Fitch IBCA said the restrictions could result in a move away from funding loans with deposits to securitizations, which the agency called less cost-effective and more market-sensitive.
"Without the ability to raise deposits like they had been, it potentially impacts your origination capabilities," said Thomas J. Abruzzo, senior director at Fitch.
Mr. Abruzzo said that, though using securitization to fund originations is a realistic alternative, "it's not as good" as funding on balance sheet with deposits.
The bank must also increase its loan and lease loss allowances by $22 million. After Sept. 30, Advanta National must maintain an allowance of at least 5.38% of the unpaid principal balance of all loans owned by the bank or reported on its books and records, according the latest agreement.
For residual assets, the bank must calculate using an 18% discount rate for interest-only strip securities and over-collateralization, and use a 15% discount rate for contractual mortgage servicing rights. These changes resulted in the biggest hit to Advanta's second quarter earnings. The company wrote down $13 million in its valuation of its mortgage servicing rights and $201 million in its valuations of interest-only strips it retains from securitizations.
Equity analysts on the conference call at times expressed frustration with all of the new regulatory burdens - some of which would effectively cap the company's growth. Still, as Todd Pitsinger, an analyst with Friedman, Billings, Ramsey noted, "The OCC doesn't care about the trading of Advanta's stock, it cares about protecting the deposits at all costs," he said. "And what it did, effectively, was eliminate all asset risk to those deposits."
In the long term, he said, some of the changes, including a shift away from gain-on-sale accounting treatment for the company's residual holdings, would help both the company and analysts.
"I believe it's a positive from an earnings perspective because it does give them the opportunity to eliminate the use of gain-on-sale accounting," he said, which should create a cleaner and transparent balance sheet.

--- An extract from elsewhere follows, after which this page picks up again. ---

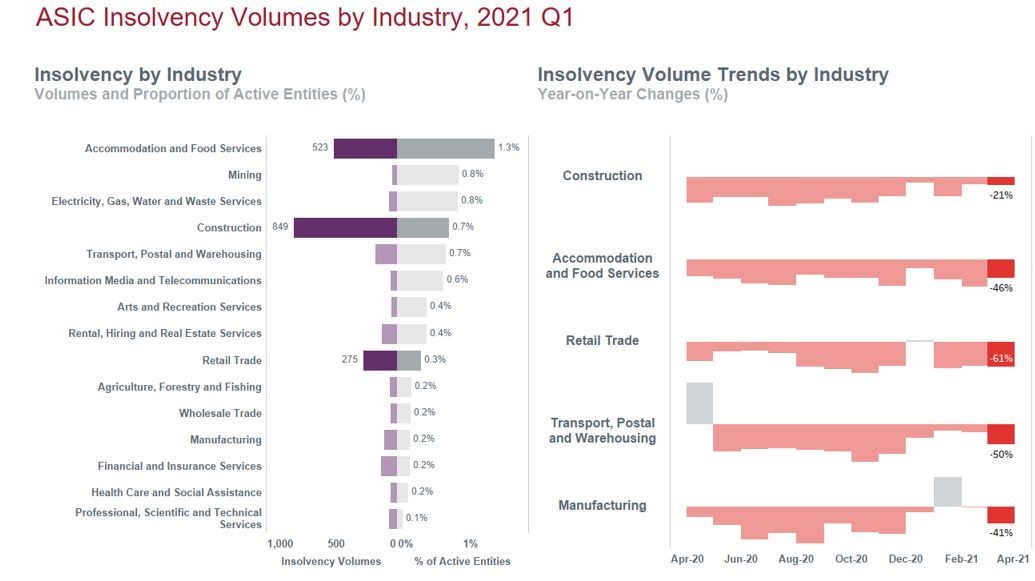 IMAGE 4: ASIC Insolvency Volumes by Industry, 2021 Q1

Another way all the scrutiny could wind up helping is in the company's efforts to sell the mortgage business. Advanta's sale to Fleet Financial Group of its $10.5 billion credit card receivables portfolio later turned sour, with Fleet eventually suing in early 1999 over what it charged was a misappropriation of funds and misrepresentation of the portfolio's value. Advanta countersued and the case is pending with a trial date set for next year. The companies have refrained from commenting on it.
This time around, buyers would at least seem to have a very clear idea of what they are getting, given the OCC's extensive work with Advanta in corralling its accounting. Mr. Alter said Advanta officials have entered into discussions with several parties about the sale of its mortgage unit, and that due diligence is currently being performed by some bidders.
If and when the sale occurs, Advanta will be a much smaller company, with its business cards, insurance, and venture capitalist businesses all that remain.
But given how stressful the process has been so far, some analysts are cautious about predicting even the outcome of Advanta's efforts to sell the mortgage business.
"We don't know how that's going to come out," said J. Ryan O'Connell, senior vice president at Moody's Investors Service. "But it would seem that the latest developments would make that a more complicated process."